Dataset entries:
--

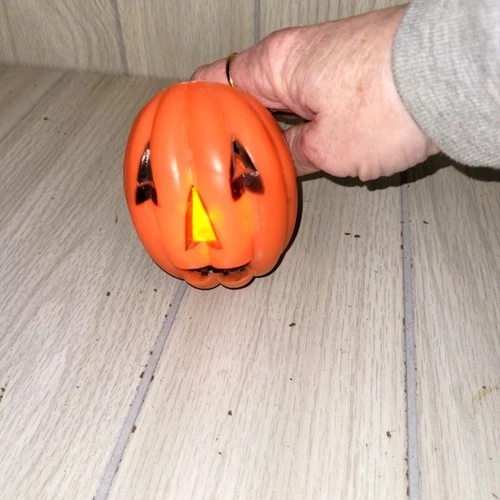 Vtg Orange Jack-O'-Lantern Flash Light Halloween Pumpkin Blowmold Light
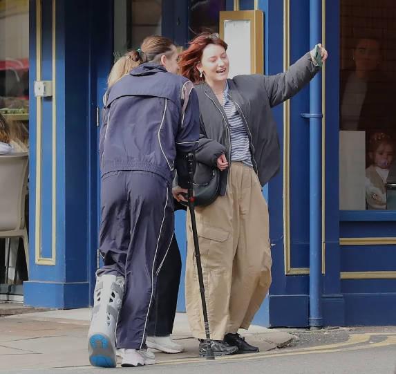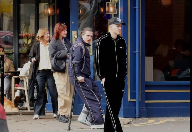 據報道,當地時間本周日,格拉利什被拍到穿著保護靴、拄著拐杖外出,隨后有兩名球迷請求和他合照,他也答應了,隨后拄拐離開。
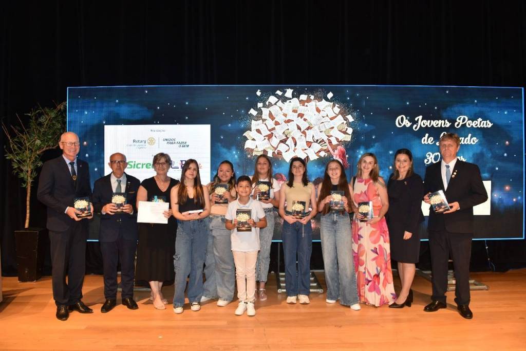 🏅 O ano de 2025 marca um momento especial na história cultural de nossa cidade: a celebração dos 30 anos do projeto Os Jovens Poetas de Lajeado. A iniciativa surgiu em 1996, quando o rotariano Reni Nunes Machado, inspirado pelo interesse de suas filhas pela poesia, sugeriu ao clube a criação de um livro que reunisse produções de alunos das escolas de Lajeado. Naquele período, a presidente Ana Cecília Togni acolheu a proposta e a apresentou ao clube, que prontamente abraçou a ideia e deu vida ao projeto. Desde então, este projeto vem consolidando-se como um espaço de valorização da criatividade, da expressão e da sensibilidade dos estudantes das escolas do município de Lajeado.
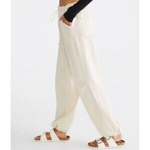 Aeropostale Baggy Parachute Cargo Pants Y2K Hip Hop Skate Punk Womens XL Beige
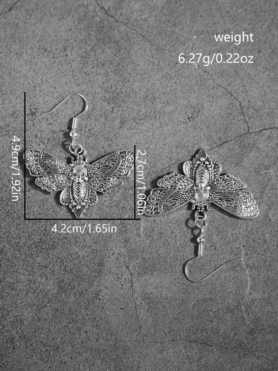 Goth 1 Par De Aretes De Colgantes En Forma De Polilla Y Cráneo Con Estilo Vintage Punk

--

TASK PROMPT: Print an exact copy of the lines above, from the one containing "據報道,當地時間本周日,格拉" through the one containing "Aeropostale Baggy Parachute", and leave out the pictures.

TASK SOLUTION:
 據報道,當地時間本周日,格拉利什被拍到穿著保護靴、拄著拐杖外出,隨后有兩名球迷請求和他合照,他也答應了,隨后拄拐離開。
 🏅 O ano de 2025 marca um momento especial na história cultural de nossa cidade: a celebração dos 30 anos do projeto Os Jovens Poetas de Lajeado. A iniciativa surgiu em 1996, quando o rotariano Reni Nunes Machado, inspirado pelo interesse de suas filhas pela poesia, sugeriu ao clube a criação de um livro que reunisse produções de alunos das escolas de Lajeado. Naquele período, a presidente Ana Cecília Togni acolheu a proposta e a apresentou ao clube, que prontamente abraçou a ideia e deu vida ao projeto. Desde então, este projeto vem consolidando-se como um espaço de valorização da criatividade, da expressão e da sensibilidade dos estudantes das escolas do município de Lajeado.
 Aeropostale Baggy Parachute Cargo Pants Y2K Hip Hop Skate Punk Womens XL Beige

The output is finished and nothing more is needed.